Firefox to Block Unnecessary Flash Content and Save Battery Life


Mozilla Firefox wallpaperIn the coming month, Mozilla will outlaw advertisers’ practice of measuring flash ads’ popularity by using Flash. Starting August, the company will block this type of flash content and replace it with HTML content.

Advertisers are advised to use the HTML-based Intersection Observer API when they want to assess the impact of their advertising efforts.

However, the company will not stop here and will add more bits of Flash content unnecessarily running in the background on the list. The firm noted that the blocked content makes no difference to user experience as it is invisible on most devices.

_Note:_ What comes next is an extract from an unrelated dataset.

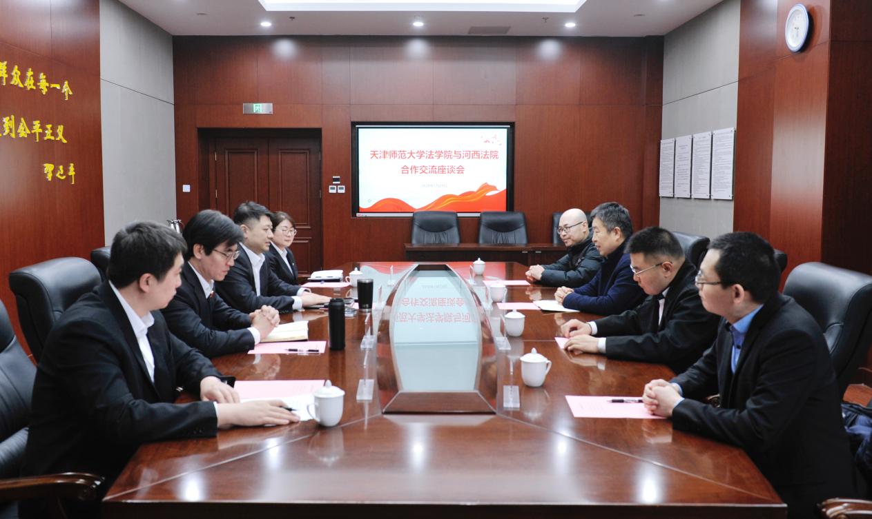 1月29日上午,郝磊带队赴河西区人民法院走访交流,我院党委副书记、纪委书记秦浩,党委委员、副院长郭明龙,刑法教研室主任王海军教授一同调研。河西区法院党组副书记、副院长孙政,审管办(研究室)主任肖宝清,审管办(研究室)副主任李硕,审管办(研究室)干部姬鹏等参加座谈交流。孙政对我院领导一行的到来表示欢迎,并指出河西法院与师大法学院一直保持着紧密联系,希望未来将双方的合作关系进一步提升深化,以期更好推动双方的发展,实现互进共赢。郝磊对河西法院长期以来对师大法学院发展所给予的支持表示衷心感谢,并从学科情况、人才培养、科学研究、社会服务等方面介绍了学院近年来的发展情况,表示师大法学院期待在更深层次、更广泛领域与河西法院开展深入的合作交流。双方与会人员一致认为,协同育人是培养高素质法治人才的关键路径。我院提出将进一步优化学生实习管理、组织学生旁听开庭等系列建议,以期切实强化学生的法学实践体验,提升学生就业竞争力。河西法院领导表示,将进一步做好学生实习管理和服务,并在联合开展普法宣传、课题调研等方面与我院深化合作,以期构建协同育人的良性发展格局。

On the other hand, users will notice that their browser drains less life from their mobile devices.

Furthermore, starting next year, the tech company will ensure that the browser gets users’ approval to play specific Flash content. The new feature will prevent content from playing by default and consume user’s bandwidth.

As a result, websites that are still heavily relying on Flash to stream their videos or games are asked to make the transition to HTML “as soon as possible.” Firefox is compatible with other technologies for video playback including Adobe Primetime and Google Widevine.

Mozilla’s latest move is part of a larger plan to get rid the Internet of browser plugins and make browsers less vulnerable to cyber attacks. Cyber security experts have often cautioned that plugins designed for Adobe Flash make browsers less secure and stable.

Plugins are not only linked to crashes but also to performance issues. HTML 5 is currently the best alternative to Flash technology on the market. Plus, Firefox has a long history of replacing plugins with Web APIs. The browser now tries to replace faulty plugins in various technologies including 3-D graphics, video streaming, audio and video playback, webcamera access, WebSocket networking and so on.

Mozilla noted that the browser crashes less often now that more sites have switched to HTML 5 and ditched Flash. According to a recent report, Firefox’s crash rate stalled when YouTube began using HTML 5 instead of Flash in video playback. And crash rate dropped after Facebook made a similar move on its social media platform.

The company promised to cooperate with Adobe to create a more stable Flash until the technology is fully passed out. The company announced that Flash would be still accessible through a separate browser plugin when the company will no longer support NPAPI plugins next spring.